Why this Cauvery di

Claims made by the sparring states depend on competing legal discourses

Written by Prithvi Datta Chandra Shobhi | Published: October 12, 2012 2:59:44 am

The failure of the monsoon in Karnataka has predictably produced the latest iteration of Cauvery crisis,with the Karnataka government succumbing to popular protest and stopping the scheduled release of water to Tamil Nadu,even at the risk of creating a constitutional crisis. While the quest for an acceptable solution,particularly for distress years,continues,no resolution seems to be on the horizon,given that the claims by Karnataka and Tamil Nadu appear to depend on competing legal discourses.

Unlike other inter-state river disputes,the Cauvery basin is over-developed and the demand for irrigation and drinking water continues to rise,making such crises inevitable. During years with normal rainfall,the overflow is sufficient for Tamil Nadu’s requirements. But the distress years invariably cause a crisis,and even the Cauvery tribunal did not offer a formula for distress year distribution. It did suggest the principle of proportionate adjustment but recognised that any crisis will have to be handled politically and hence left the actual management to the prime minister-led Cauvery River Authority (CRA).

It is this principle of proportionate adjustment that the agitating Kannadiga unequivocally rejects. He is oblivious to Karnataka’s image elsewhere,especially in Delhi,as unreasonable,obstructionist and unneighbourly.

For the protesting farmer in Mandya and the activist in Bangalore,all the water that originates in Karnataka ought to be used in the Kannada-speaking regions of the Cauvery basin. Their claim is but a weak articulation of an absolute assertion of an upper riparian state’s rights over water secured in its catchment area. Hence the argument that the water in the reservoirs of the Cauvery and its tributaries is barely adequate for Karnataka’s needs.

This argument is bolstered by what might be called a folk theory of natural justice,on which Karnataka’s claim for equitable distribution rests. Since the river originates in Karnataka and more than half its waters are secured there,the control over Cauvery water,especially that collected in its reservoirs,ought to remain with the Kannadigas. What the agitating Kannadiga finds puzzling,and what has added intensity to the agitation,is the rejection of his plea by the PM and the SC. He repeatedly asks if the SC and the PM are aware of the facts regarding water storage levels and the minimal requirements of Karnataka. If so,why are they demanding release of water to Tamil Nadu?

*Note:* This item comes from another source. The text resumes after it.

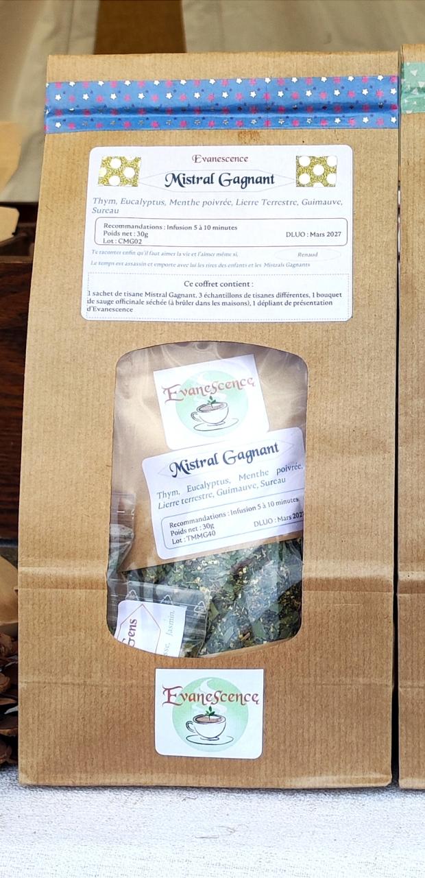 1 sachet de Mistral Gagnant, 3 échantillons de tisanes différentes, 1 bouquet de Sauge séchée à faire brûler dans la maison, 1 dépliant de présentation d'Evanescence

He searches in vain for an explanation. Perhaps,the BJP government and Karnataka’s lawyers haven’t been forceful and efficient in presenting the facts. Or unlike Tamil Nadu,Karnataka lacks political unity,the ability to manipulate the Central government and the political will to protect the state’s interests. Or perhaps the Centre is playing politics,seeking the support of Tamil parties even as it takes Karnataka for granted,as it always has.

Contrary to these anxieties,however,the Kannadiga claim finds no favour with settled legal theories to resolve inter-state water disputes,which afford substantial protection to lower riparian states and more importantly,recognise the principle of “prior appropriation” as the primary legal principle in arbitrating claims. Simply put,Tamil Nadu has a stronger — and legally enforceable — claim over Cauvery water. This is based on its historical use of Cauvery water for paddy cultivation in the delta. Since it has exploited naturally flowing Cauvery waters since medieval times and then systematically expanded irrigation to nearly 26 lakh acres,taking advantage of prior agreements of 1892 and 1924,Tamil Nadu will always have a stronger claim to seek a greater share even during years of distress.

Unlike the agitating Kannadiga,successive governments in Karnataka have understood their disadvantage in the judicial realm but rarely have they spoken about it. Since the 1970s,their strategy has been to seek political settlements as opposed to judicial ones; simultaneously,they expanded irrigable land in the Cauvery basin through a series of irrigation projects. Moreover,rapid urbanisation in the Cauvery delta,especially of Bangalore,has resulted in greater demand for Cauvery water. Significantly,the tribunal itself did not recognise these new,additional demands in its final award.

Distress sharing of Cauvery waters will continue to confound administrators and various stakeholders in both states. Such conflicts will not only be between states but within states too. For instance,it won’t be surprising to see conflicts within Karnataka emerge due to competing claims of the Mandya farmers and Bangalore’s drinking water needs. We need new ways to think about “prior appropriation” claims in both states,especially about land use and crop patterns. If riparianism perpetuates inefficient and inequitable distribution of water based on past use,then equity demands we rethink the doctrine itself,especially as it pertains to distress years. This might mean rationing water among various claimants and even payment of some compensation for holders of “prior appropriation” claims.

The agitating Kannadiga hasn’t forcefully framed his demand as one of equity but his largely peaceful protest shows that the time has come to develop a comprehensive set of water rights.